YOUR OBJECTIVE:
Under this line sits a listing. Repeat exactly and only its lines from the one holding "سری لنکا کے" through the one holding "2021年11月26日,山西"; skip pictures.

══ DATASET ENTRIES ══

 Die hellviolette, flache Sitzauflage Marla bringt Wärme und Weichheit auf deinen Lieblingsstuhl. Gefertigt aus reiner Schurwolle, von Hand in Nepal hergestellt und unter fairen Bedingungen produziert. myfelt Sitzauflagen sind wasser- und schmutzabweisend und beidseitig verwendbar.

═══
══ DATASET ENTRIES ══

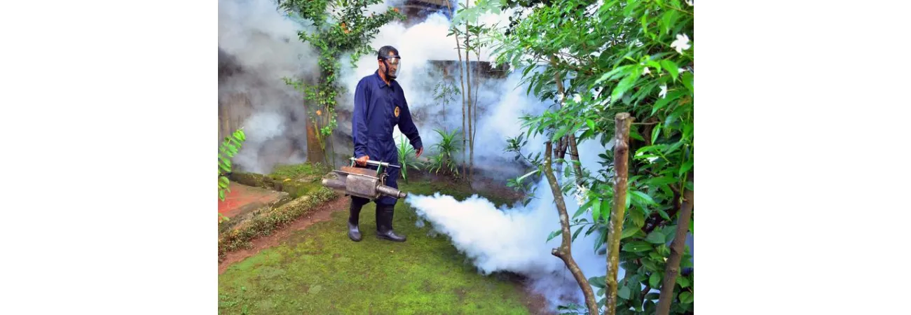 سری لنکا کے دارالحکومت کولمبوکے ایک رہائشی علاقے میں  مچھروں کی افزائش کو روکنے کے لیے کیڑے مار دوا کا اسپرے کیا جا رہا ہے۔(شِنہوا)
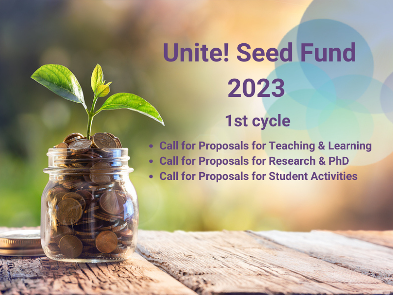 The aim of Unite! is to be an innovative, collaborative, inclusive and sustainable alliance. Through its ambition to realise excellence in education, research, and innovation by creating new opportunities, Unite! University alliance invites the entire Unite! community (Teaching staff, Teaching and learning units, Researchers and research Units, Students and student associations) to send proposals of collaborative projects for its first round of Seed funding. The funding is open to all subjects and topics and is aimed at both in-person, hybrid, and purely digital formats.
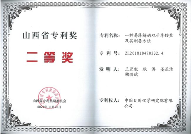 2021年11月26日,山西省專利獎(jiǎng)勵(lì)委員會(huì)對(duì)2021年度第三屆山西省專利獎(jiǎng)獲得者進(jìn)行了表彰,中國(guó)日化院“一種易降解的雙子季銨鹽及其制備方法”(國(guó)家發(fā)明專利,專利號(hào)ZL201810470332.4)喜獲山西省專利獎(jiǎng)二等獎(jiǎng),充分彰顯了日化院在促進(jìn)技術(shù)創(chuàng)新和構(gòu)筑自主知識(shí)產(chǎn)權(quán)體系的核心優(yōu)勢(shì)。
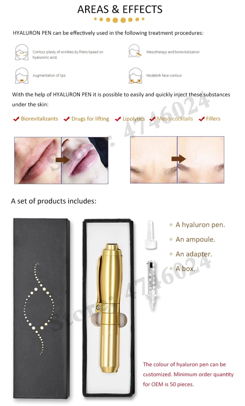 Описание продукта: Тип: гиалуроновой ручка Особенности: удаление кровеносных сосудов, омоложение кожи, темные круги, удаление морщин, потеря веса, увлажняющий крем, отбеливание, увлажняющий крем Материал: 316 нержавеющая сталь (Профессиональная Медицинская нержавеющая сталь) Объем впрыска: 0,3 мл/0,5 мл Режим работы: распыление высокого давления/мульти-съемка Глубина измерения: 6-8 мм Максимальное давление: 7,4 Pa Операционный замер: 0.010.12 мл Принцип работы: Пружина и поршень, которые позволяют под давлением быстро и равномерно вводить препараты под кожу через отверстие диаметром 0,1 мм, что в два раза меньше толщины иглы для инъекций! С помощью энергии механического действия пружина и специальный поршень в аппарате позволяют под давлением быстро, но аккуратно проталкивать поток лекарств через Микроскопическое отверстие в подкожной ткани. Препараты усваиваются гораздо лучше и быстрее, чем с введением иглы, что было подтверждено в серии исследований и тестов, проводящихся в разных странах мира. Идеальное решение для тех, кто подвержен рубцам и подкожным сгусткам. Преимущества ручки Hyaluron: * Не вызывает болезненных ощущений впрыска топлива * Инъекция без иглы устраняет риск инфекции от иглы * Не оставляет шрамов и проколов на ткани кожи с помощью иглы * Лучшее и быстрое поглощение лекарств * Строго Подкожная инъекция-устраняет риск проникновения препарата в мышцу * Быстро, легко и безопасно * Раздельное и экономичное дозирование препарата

═══

RESULT:
 سری لنکا کے دارالحکومت کولمبوکے ایک رہائشی علاقے میں  مچھروں کی افزائش کو روکنے کے لیے کیڑے مار دوا کا اسپرے کیا جا رہا ہے۔(شِنہوا)
 The aim of Unite! is to be an innovative, collaborative, inclusive and sustainable alliance. Through its ambition to realise excellence in education, research, and innovation by creating new opportunities, Unite! University alliance invites the entire Unite! community (Teaching staff, Teaching and learning units, Researchers and research Units, Students and student associations) to send proposals of collaborative projects for its first round of Seed funding. The funding is open to all subjects and topics and is aimed at both in-person, hybrid, and purely digital formats.
 2021年11月26日,山西省專利獎(jiǎng)勵(lì)委員會(huì)對(duì)2021年度第三屆山西省專利獎(jiǎng)獲得者進(jìn)行了表彰,中國(guó)日化院“一種易降解的雙子季銨鹽及其制備方法”(國(guó)家發(fā)明專利,專利號(hào)ZL201810470332.4)喜獲山西省專利獎(jiǎng)二等獎(jiǎng),充分彰顯了日化院在促進(jìn)技術(shù)創(chuàng)新和構(gòu)筑自主知識(shí)產(chǎn)權(quán)體系的核心優(yōu)勢(shì)。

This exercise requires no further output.